SUPPLIED RECORDS Block Start
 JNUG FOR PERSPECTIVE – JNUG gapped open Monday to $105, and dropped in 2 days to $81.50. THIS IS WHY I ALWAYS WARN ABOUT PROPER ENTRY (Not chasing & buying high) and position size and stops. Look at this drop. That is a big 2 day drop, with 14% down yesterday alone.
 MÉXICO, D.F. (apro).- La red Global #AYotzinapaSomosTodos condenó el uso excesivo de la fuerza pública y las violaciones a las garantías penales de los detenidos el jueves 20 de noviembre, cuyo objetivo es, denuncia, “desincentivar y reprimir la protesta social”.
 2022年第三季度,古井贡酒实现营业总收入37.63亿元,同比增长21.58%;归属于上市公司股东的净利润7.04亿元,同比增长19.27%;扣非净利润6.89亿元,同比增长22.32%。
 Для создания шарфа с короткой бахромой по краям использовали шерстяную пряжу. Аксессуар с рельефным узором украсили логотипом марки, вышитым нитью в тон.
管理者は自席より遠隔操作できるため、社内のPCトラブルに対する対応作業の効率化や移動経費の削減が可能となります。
SUPPLIED RECORDS Block End
SUPPLIED RECORDS Block Start
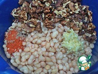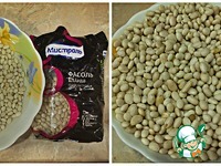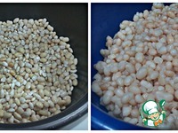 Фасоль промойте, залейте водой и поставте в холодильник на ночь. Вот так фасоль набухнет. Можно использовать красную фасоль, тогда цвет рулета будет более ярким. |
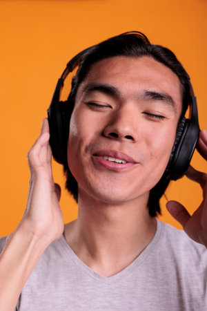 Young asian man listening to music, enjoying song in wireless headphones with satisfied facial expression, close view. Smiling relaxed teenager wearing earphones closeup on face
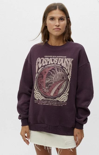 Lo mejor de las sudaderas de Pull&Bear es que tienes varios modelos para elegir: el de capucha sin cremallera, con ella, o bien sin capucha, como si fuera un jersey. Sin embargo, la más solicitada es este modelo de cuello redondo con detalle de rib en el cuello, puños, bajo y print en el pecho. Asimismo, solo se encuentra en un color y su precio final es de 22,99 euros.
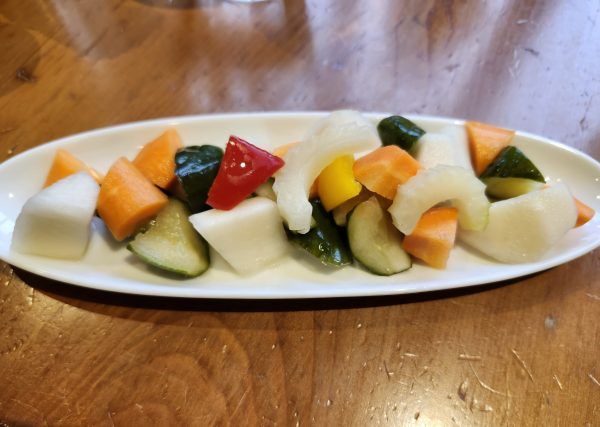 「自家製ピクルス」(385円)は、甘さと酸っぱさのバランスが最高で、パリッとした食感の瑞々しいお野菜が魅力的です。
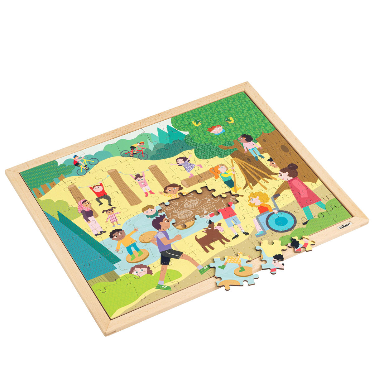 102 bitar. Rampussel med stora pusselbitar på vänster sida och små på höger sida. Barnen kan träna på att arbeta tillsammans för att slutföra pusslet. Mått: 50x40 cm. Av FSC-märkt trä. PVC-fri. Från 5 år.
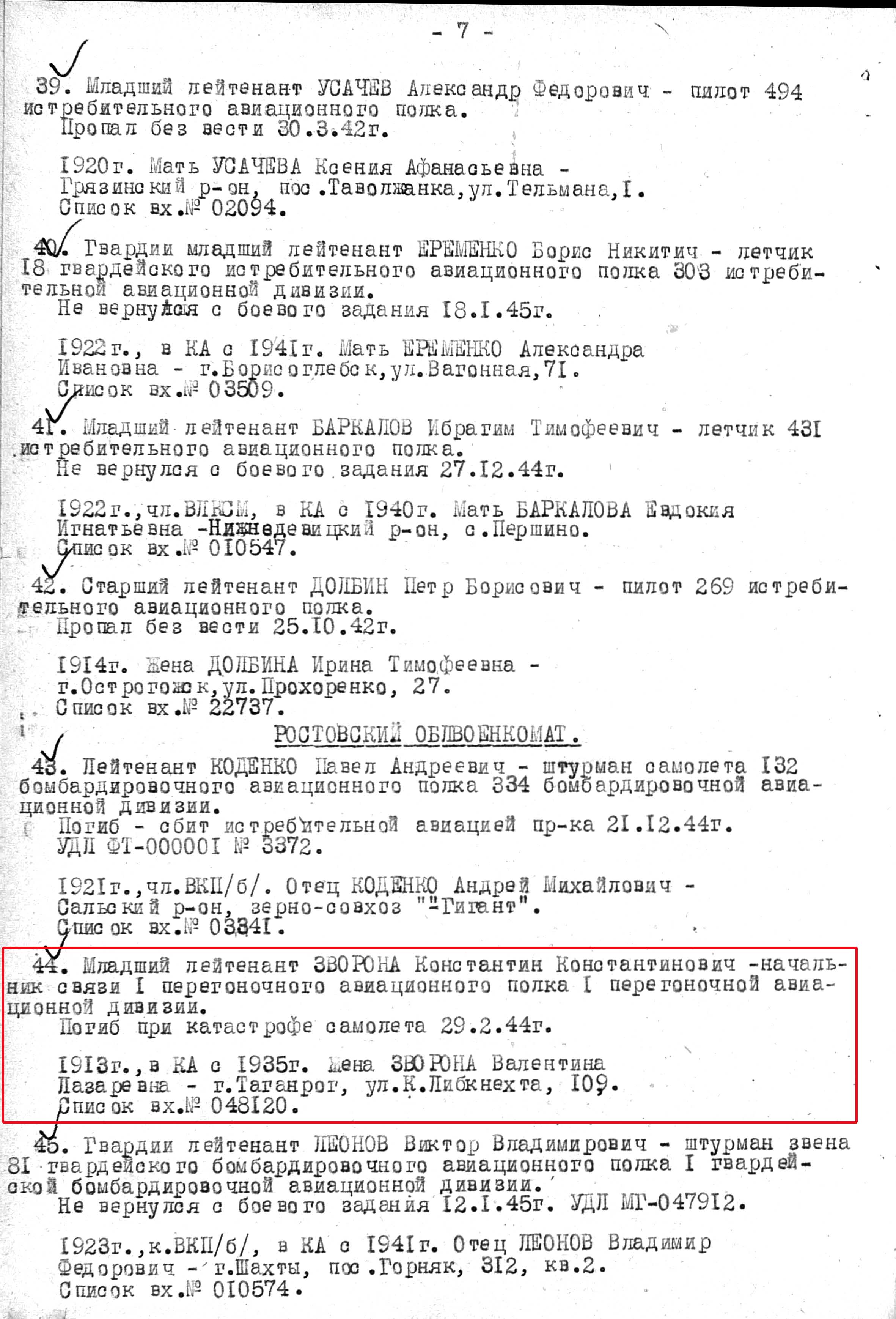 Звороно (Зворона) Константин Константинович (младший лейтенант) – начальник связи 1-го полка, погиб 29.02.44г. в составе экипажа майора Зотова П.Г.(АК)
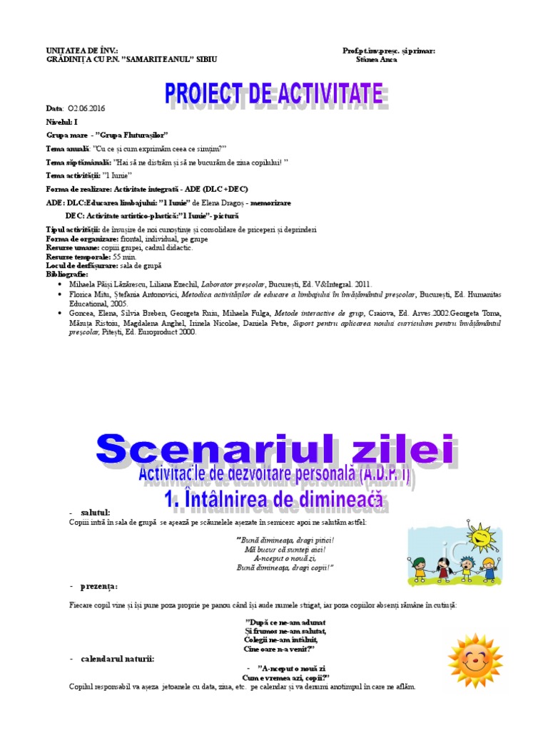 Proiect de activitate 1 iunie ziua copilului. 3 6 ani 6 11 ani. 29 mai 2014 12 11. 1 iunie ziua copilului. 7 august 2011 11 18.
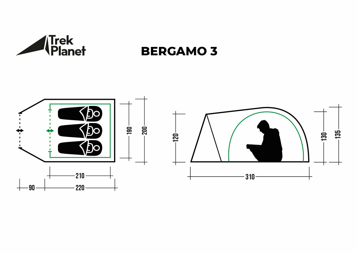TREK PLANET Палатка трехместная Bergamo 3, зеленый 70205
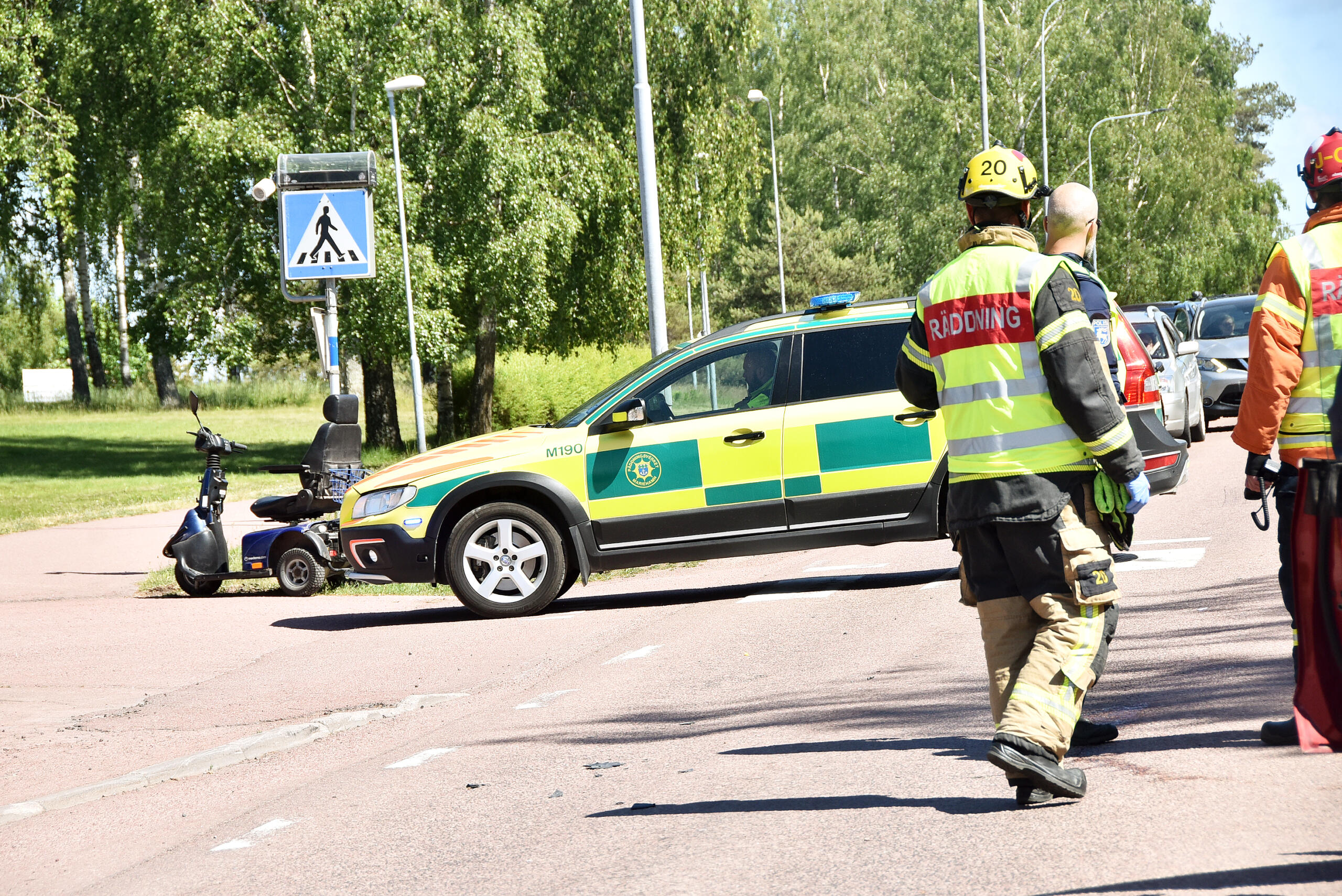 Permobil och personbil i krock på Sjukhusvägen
SUPPLIED RECORDS Block End
SUPPLIED RECORDS Block Start
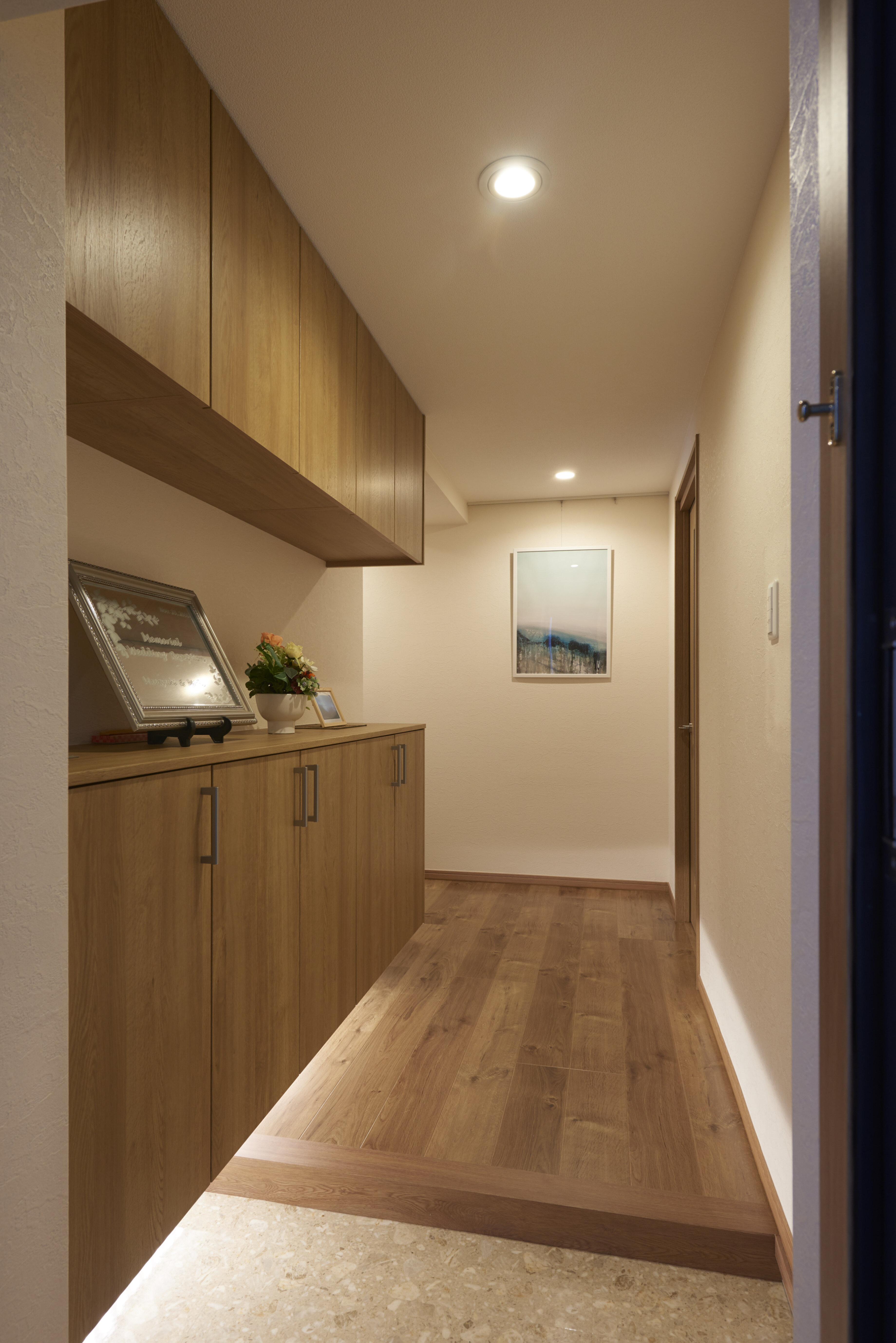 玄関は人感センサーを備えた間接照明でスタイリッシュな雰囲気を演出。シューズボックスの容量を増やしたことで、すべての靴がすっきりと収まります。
SUPPLIED RECORDS Block End
_THE TASK_.
Look back over the records above. Reproduce exactly everything from the line with "TREK PLANET Палатка" down to the line with "Permobil och personbil", inclusive, and leave the pictures out.

_RESULT OF THIS TASK_.
TREK PLANET Палатка трехместная Bergamo 3, зеленый 70205
 Permobil och personbil i krock på Sjukhusvägen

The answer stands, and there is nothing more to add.